His key slipped into the TARDIS door, and he felt a warm tug in his mind. She was welcoming him home.

The Doctor was standing next to the console, his head jerking up when the door opened. Jack stared at him, slightly out of breath as he stepped inside and closed the door.

The Doctor lifted his eyebrow, his expression confused. “Yes? Is something wrong?”

Jack shook his head, allowing the warmth to permeate his soul. “There was something I wanted to tell you.”

The Doctor looked leery, but gestured for him to continue.

“It was great to see you too.”

Brown eyes widened with surprise, but soon a soft smile lifted the corners of his mouth. Jack realized it wasn’t just the TARDIS that was warming his heart.

“And if it’s all right, I’d like to see more of you.” Jack held his breath, his heart slamming against his chest as he waited for the Doctor’s response. It was history repeating itself as he ached to hear those three words again — come with me.

The Doctor leaned over the console, his hands tinkering with levers and wires. Once again, those hopes were destroyed, and it was as painful as it had been on Satellite Five. He turned to leave, surprised to find his eyes burning.

“You don’t need an invitation.”

Jack blinked several times before turning around. “What?”

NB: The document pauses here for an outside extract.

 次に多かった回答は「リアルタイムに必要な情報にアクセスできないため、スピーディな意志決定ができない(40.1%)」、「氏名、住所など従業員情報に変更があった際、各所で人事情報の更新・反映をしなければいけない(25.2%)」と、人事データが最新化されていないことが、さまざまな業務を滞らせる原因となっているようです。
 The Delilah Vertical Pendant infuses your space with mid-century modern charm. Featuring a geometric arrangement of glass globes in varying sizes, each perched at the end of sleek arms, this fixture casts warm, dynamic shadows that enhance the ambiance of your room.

The Doctor repeated those three precious words. “Come with me — that offer always stands. You’re welcome here. With me.” He swallowed, a hand covered in some type of engine grease tugging on his ear. “If that’s what you want.”

Jack was torn between whooping with joy and sobbing years worth of confusion and grief — most not attributed to the Doctor — all over the TARDIS floor.

“Jack, I’m —"

Shaking his head, Jack cut across him. “One rule — no apologies. New beginnings, right?”

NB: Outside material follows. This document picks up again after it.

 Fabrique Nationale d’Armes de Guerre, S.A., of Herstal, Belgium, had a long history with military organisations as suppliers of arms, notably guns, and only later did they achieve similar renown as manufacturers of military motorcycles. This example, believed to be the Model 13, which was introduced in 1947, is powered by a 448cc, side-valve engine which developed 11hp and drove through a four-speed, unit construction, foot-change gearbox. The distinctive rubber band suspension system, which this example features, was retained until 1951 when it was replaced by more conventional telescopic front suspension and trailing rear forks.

The Doctor smiled, motioning for Jack to join him next to the console. “I’d like that.”

On the historic day when the Intergalactic Peace Treaty of 2298 was signed, new relationships were formed and old relationships were mended. Perhaps the single most important alliance that Universe had ever seen was healed underneath the Time Rotor of the last TARDIS as she soared through the vortex of time.